Abstract
Summary
SpacePHARER (CRISPR Spacer Phage–Host Pair Finder) is a sensitive and fast tool for de novo prediction of phage–host relationships via identifying phage genomes that match CRISPR spacers in genomic or metagenomic data. SpacePHARER gains sensitivity by comparing spacers and phages at the protein level, optimizing its scores for matching very short sequences, and combining evidence from multiple matches, while controlling for false positives. We demonstrate SpacePHARER by searching a comprehensive spacer list against all complete phage genomes.
Availability and implementation
SpacePHARER is available as an open-source (GPLv3), user-friendly command-line software for Linux and macOS: https://github.com/soedinglab/spacepharer.
Supplementary information
Supplementary data are available at Bioinformatics online.
1 Introduction
Viruses of bacteria and archaea (phages) are the most abundant biological entities in nature. However, little is known about their roles in the microbial ecosystem and how they interact with their hosts, as cultivating most phages and hosts in the lab is challenging. Many prokaryotes (40% of bacteria and 81% of archaea) possess an adaptive immune system against phages, the Clustered Regularly Interspaced Short Palindromic Repeat (CRISPR)-CRISPR associated (Cas) system (Burstein et al., 2016). After surviving a phage infection, they can incorporate a short DNA fragment (28–42 nt) as a spacer in a CRISPR array. The transcribed spacer will be used with other Cas components for a targeted destruction of future invaders. Some CRISPR-Cas systems require a 2–6 nucleotide long, highly conserved protospacer-adjacent motif (PAM) flanking the viral target to prevent autoimmunity. Multiple spacers targeting the same invader are not uncommon, due to either multiple infection events or the primed spacer acquisition mechanism identified in some CRISPR subtypes. CRISPR spacers have been previously exploited to identify phage–host relationships (Biswas et al., 2013; Dion et al., 2021; Paez-Espino et al., 2016; Shmakov et al., 2017; Stern et al., 2012). These methods compare individual CRISPR spacers with phage genomes using BLASTN (Altschul et al., 1990) and apply stringent filtering criteria, e.g. allowing only up to two mismatches. They are thus limited to identifying very close matches. However, a higher sensitivity is crucial because phage reference databases are very incomplete and often will not contain phages highly similar to those to be identified. To increase sensitivity, (i) we compare protein coding sequences because phage genomes are mostly coding, and, to evade the CRISPR immune response, are under pressure to mutate their genome with minimal changes to the amino acids; (ii) we choose an optimized substitution matrix and gap penalties for short, highly similar proteins; and (iii) we combine evidence from multiple spacers matching to the same phage genome.
2 Materials and methods
Input. SpacePHARER accepts spacer sequences as multiple FASTA files each containing spacers from a single prokaryotic genome or as multiple output files from the CRISPR detection tools PILER-CR (Edgar, 2007), CRT (Bland et al., 2007), MinCED (Skennerton, 2016) or CRISPRDetect (Biswas et al., 2016). Phage genomes are supplied as separate FASTA files or can be downloaded by SpacePHARER from NCBI GenBank (Benson et al., 2013). Optionally, additional taxonomic labels can be provided for spacers or phages to be included in the final report.

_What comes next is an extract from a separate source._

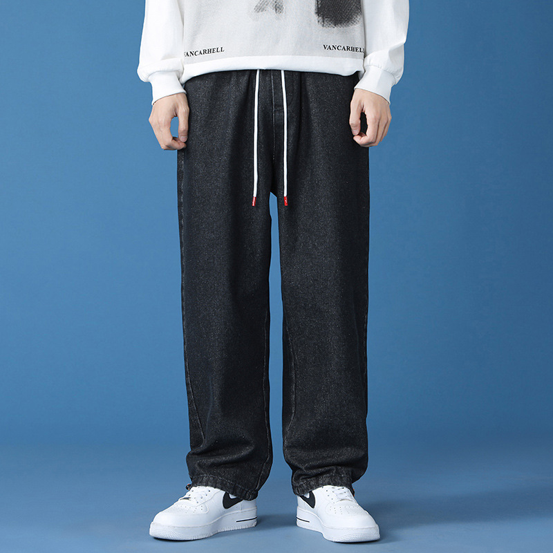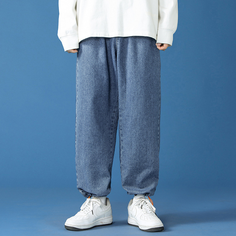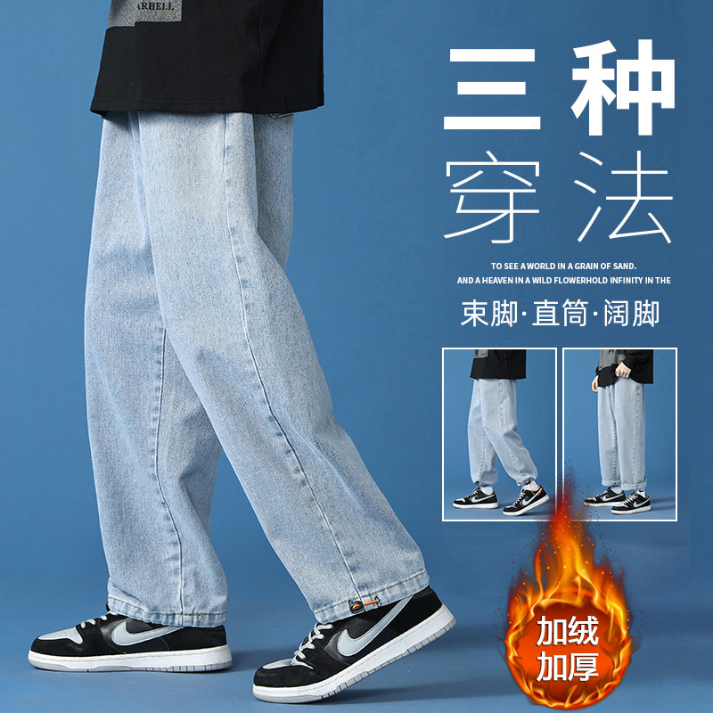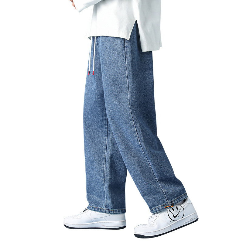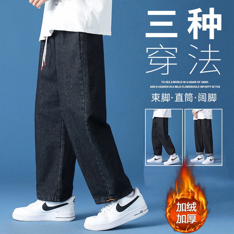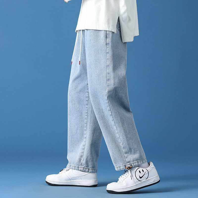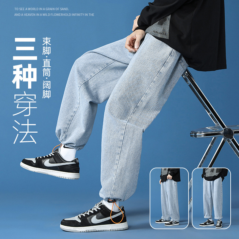 九分男生潮牌港风牛仔裤男士高街ins休闲直筒宽松阔腿长裤

Algorithm. SpacePHARER is divided into five steps (Fig. 1A, Supplementary Materials). (0) Preprocess input: scan the phage genome and CRISPR spacers in six reading frames, extract and translate all putative coding fragments of at least 27 nt, with user-definable translation tables. Each query set Q consists of the translated ORFs q of CRISPR spacers extracted from one prokaryotic genome, and each target set T comprises the putative protein sequences t from a single phage. We refer to similar q and t as hit, and an identified host-phage relationship Q—T as match. (1) Search all q’s against all t’s using the fast, sensitive MMseqs2 protein search (Steinegger and Söding, 2017), with VTML40 substitution matrix (Müller et al., 2002), gap open cost of 16 and extension cost of 2 (Supplementary Fig. S1). We optimized a short, spaced k-mer pattern for the prefilter stage (10111011) with six informative (‘1’) positions. In addition, align all q—t hits reported in the previous search on nucleotide level and prioritize near-perfect nucleotide hits (Supplementary Materials). (2) For each q—T pair, compute the P-value for the best hit from first-order statistics. (3) Compute a combined score from best-hit P-values of multiple hits between Q and T using a modified truncated-product method (Supplementary Materials). (4) Compute the false discovery rate (FDR = FP/(TP + FP)) and only retain matches with FDR < 0.05. For that purpose, SpacePHARER is run on a null model database and the fraction of null matches with below a cutoff (empirical P-value) is used to estimate the FDR. (5) Scan 10 nt upstream and downstream of the phage’s protospacer for a possible PAM.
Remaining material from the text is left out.